Disney+ loses 300,000 North American subscribers with another price hike coming

By Jen Krausz on
 August 10, 2023

The Disney+ streaming platform lost 300,000 subscribers in the U.S. and Canada last quarter, just as it plans to hike prices yet again and with a stream of big-budget flops coming from theaters in the near future. The platform currently has 46 million domestic subscribers, compared to Netflix's 76 million.

The price of ad-free streaming will go to $13.99 in October, effectively double its $6.99 cost when the platform debuted four years ago. A Disney+ and Hulu streaming-only bundle will be $19.99 with no ads, and the trio bundle with ESPN+ will cost $24.99.

The with-ads price for Disney+ alone will still be $7.99 with ads.

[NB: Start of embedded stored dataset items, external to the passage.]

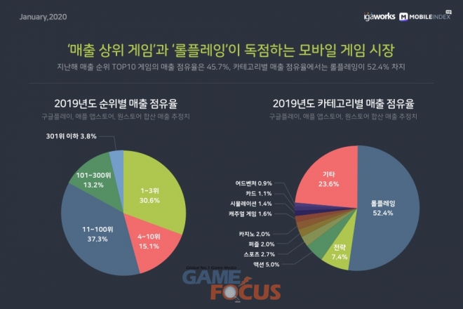 2019년 게임 카테고리별 매출 점유율로는 롤플레잉이 52.4%로 압도적인 점유율을 차지했으며 전략(7.4%), 액션(5.0%) 등이 순위에 올랐다.
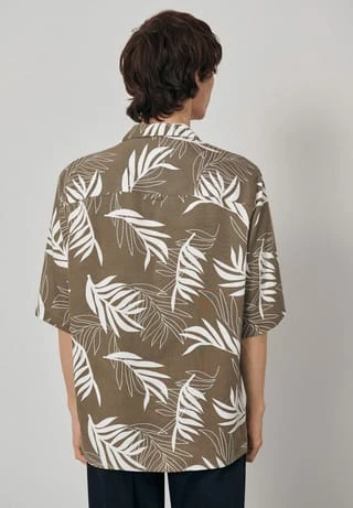 Relaxed Fit Hemd – softe Tencel Qualität, Kurzarm. Reverskragen, Allover-Druck und leicht gerunderter Saum.
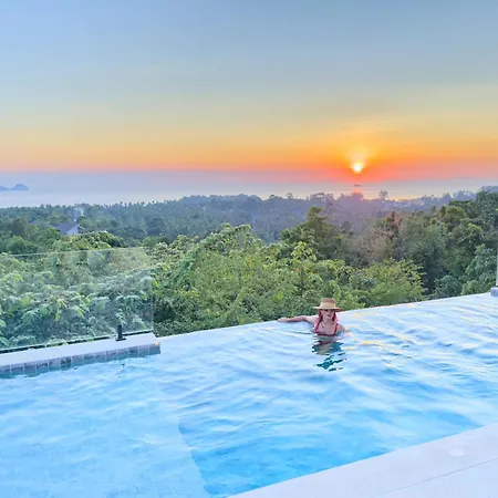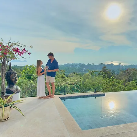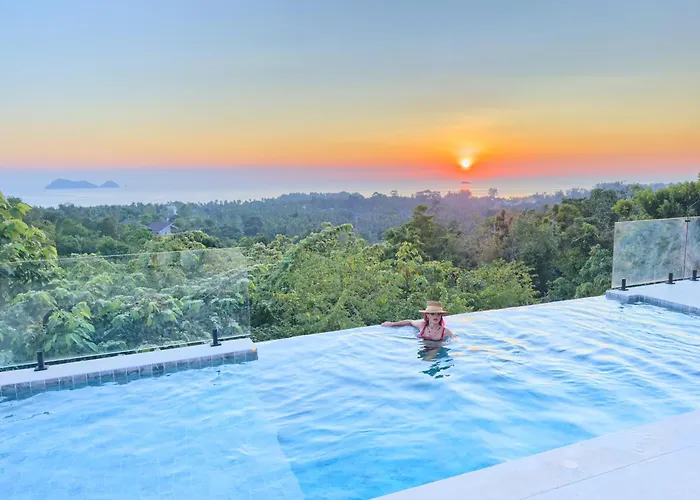 Guests can enjoy a seaside sea view from a terrace at Anora Villa Sunset View 3Br Ko Pha Ngan, 10 minutes by car from Purina Sheep Farm.

Looking at the worldwide picture, the platform increased its subscribers by 800,000 outside of India's market. It has attempted to cut costs by removing some content and canceling some of its original programming, like the National Treasure TV series and a reboot of Willow.

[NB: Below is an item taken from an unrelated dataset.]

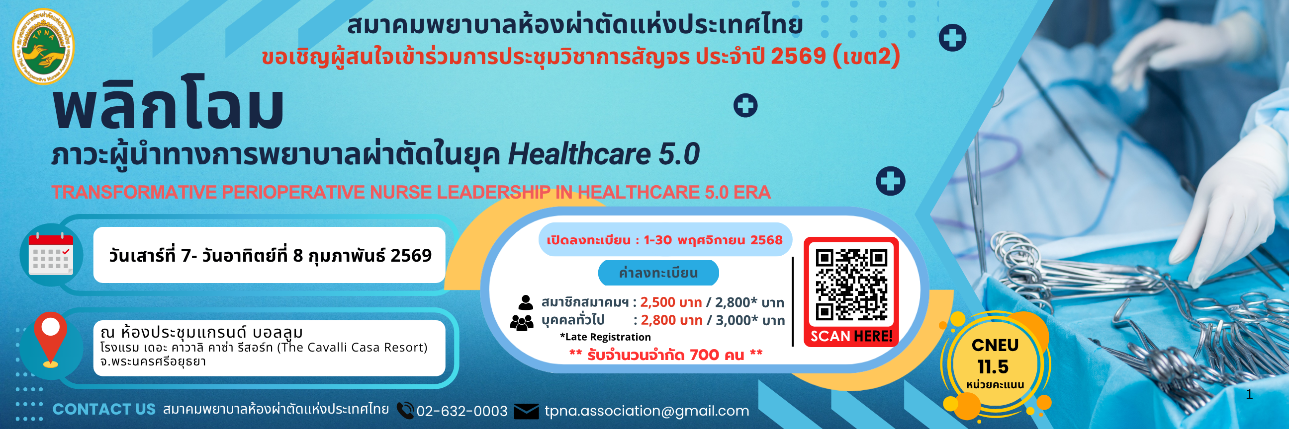 - ขอเชิญผู้สนใจเข้าร่วมการประชุมวิชาการสัญจร ประจำปี 2569 (เขต2) เรื่อง "พลิกโฉมภาวะผู้นำทางการพยาบาลผ่าตัดในยุค Healthcare 5.0"
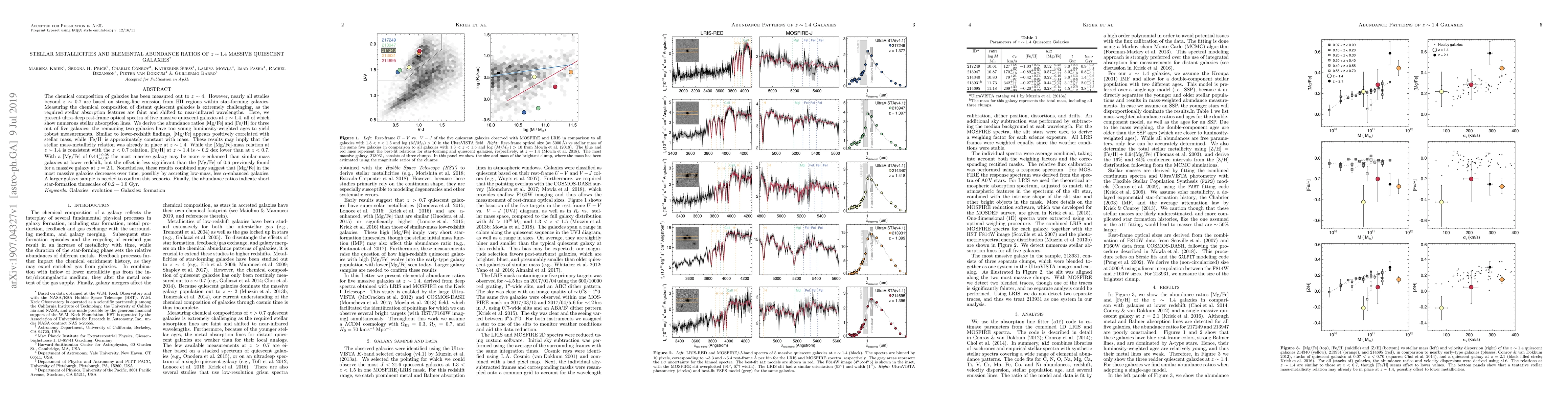 This paper investigates the stellar metallicities and elemental abundance ratios of five massive quiescent galaxies at z~1.4 using ultra-deep spectra, finding that [Mg/Fe] correlates with stellar mass while [Fe/H] remains constant, suggesting an established stellar mass-metallicity relation at z~1.4. The study indicates a potential decrease in [Mg/Fe] over time in the most massive galaxies, possibly due to accretion of less alpha-enhanced galaxies.

A portion of Disney's traditional audience has been turned off by content that espouses liberal values including LGBT and anti-racist content targeted to children at ages parents deem inappropriate.

Disney's war with the state of Florida over an education bill prohibiting teachers from teaching about sexuality until at least 3rd grade has also earned it some detractors. A domestic drop of .65% should not be that big a deal, but Disney really expected to be growing, not shrinking, at this point in its existence.